Driftwood Players
First Season - First Production

"See How They Run" Feb. - March 1960

By Philip King, Directed by Joy Kittrell

From Left: Jim Lewis: (Sergeant Towers) Richard Robson: (Reverend Arthur Humphrey) Jeri Edwards: (Miss Skillon) Louis Talcott: (Bishop of Lax) Margaret Orr: (Ida) John Wolfe: (The Intruder)
Seated: Tony Daniewicz: (Corporal Clive Winton) Loretta Koehler: (Penelope Toop) Richard Lane: (Reverend Lioned Toop)

Lewis, Joy Kittrell: (Director) Wolfe, Orr

Pictures by
Hinton G. Kittrell & Olin Hogan

From The Aberdeen Daily World, Friday Feb. 26, 1960

Driftwood Players Wow First Nighters


    The Driftwood Players invitational performance of Paul King's play, "See How They Run," directed by Joy Kittrell and presented last night to a responsive audience at the Driftwood Playhouse in Cosmopolis quite jolted our "give-me-the-good-old-days-on-the-Harbor" routine.
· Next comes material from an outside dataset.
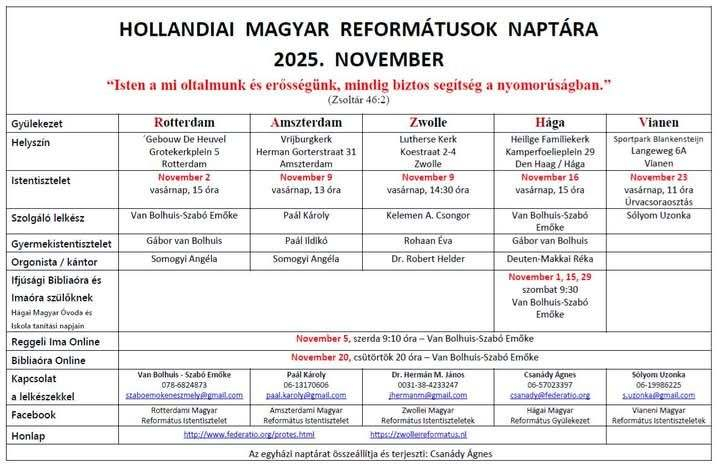 kapcsolat Magyar Református Diaszpóra Központ 4026 Debrecen, Füvészkert u. 4. diasporakozpont@reformatus.hu HomeDiaszpóra központ hírekHollandiai Magyar Reformátusok novemberi alkalmai Hollandiai Magyar Reformátusok novemberi alkalmai A Hágai Magyar Református Gyülekezet Facebook híre:https://www.facebook.com/share/p/1HUURp38EN/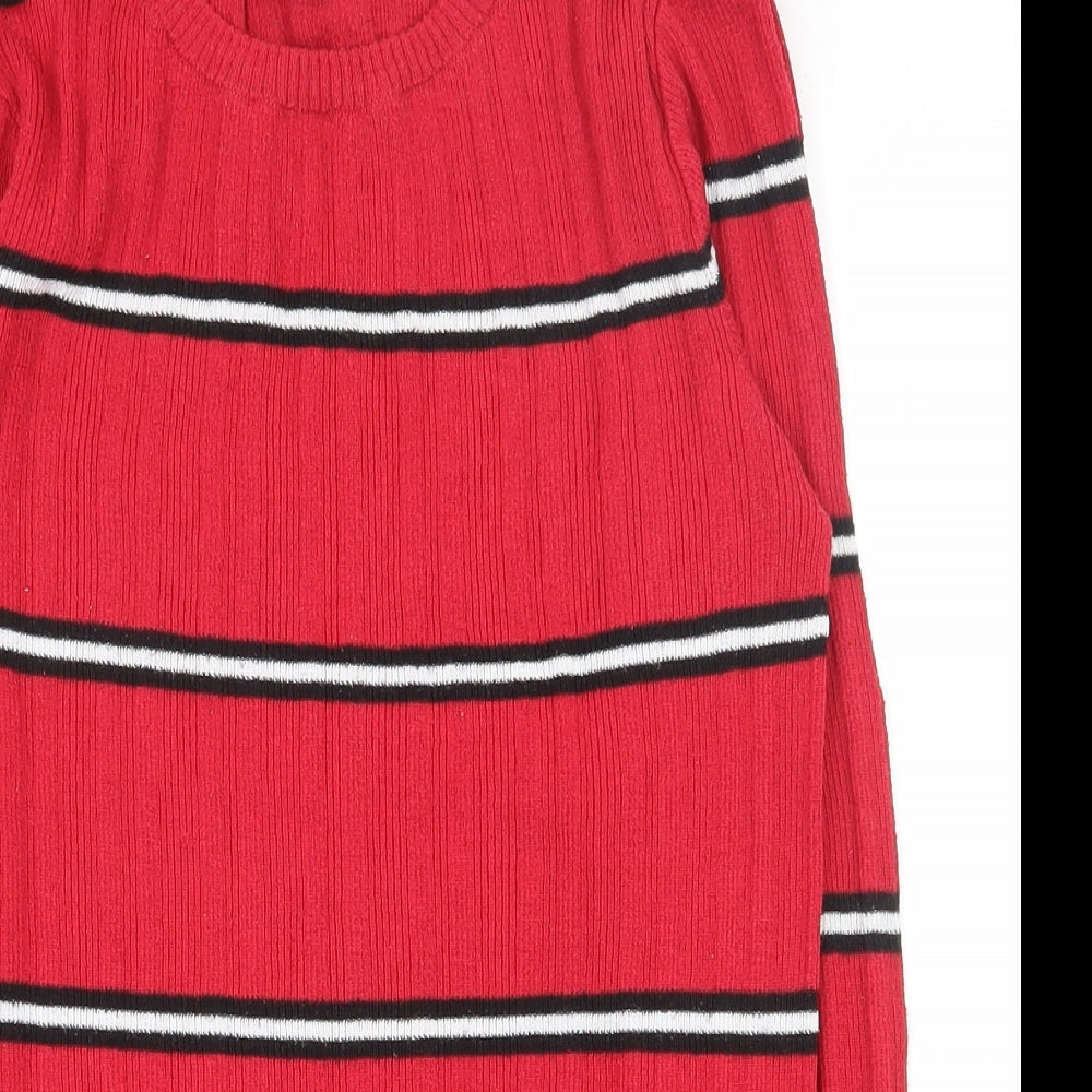 Primark Womens Red Crew Neck Striped Polyester Pullover Jumper Size 12

    The Driftwood playhouse, although much work remains to be done, bids fair to provide the community with an up-to-date artistic center. We are still slightly dizzy with excitement.

    Five clergymen raced madly through zany antics with much zest, and three charming women cavorted with them. It all sounds very simple, but the arena-type stage with the audience on the same seating level on three sides gives an intimacy beyond description. Those seated in the front rows had a feeling they were part of the cast, for all of the actors bounced in and out through the aisles as cozy as can be.


    As a reviewer, we must get right in there and raise a question by selecting our favorite when the whole cast was superb. We pick Jeri Edwards, who played Miss Skillon, an old maid with the best of intentions who ran afoul of the demon rum. Miss Edwards, in real life young and most attractive, dressed in a ghastly British tweed suit and shoes to match, gave an extremely convincing portrayal of the do-gooder wronged by fate.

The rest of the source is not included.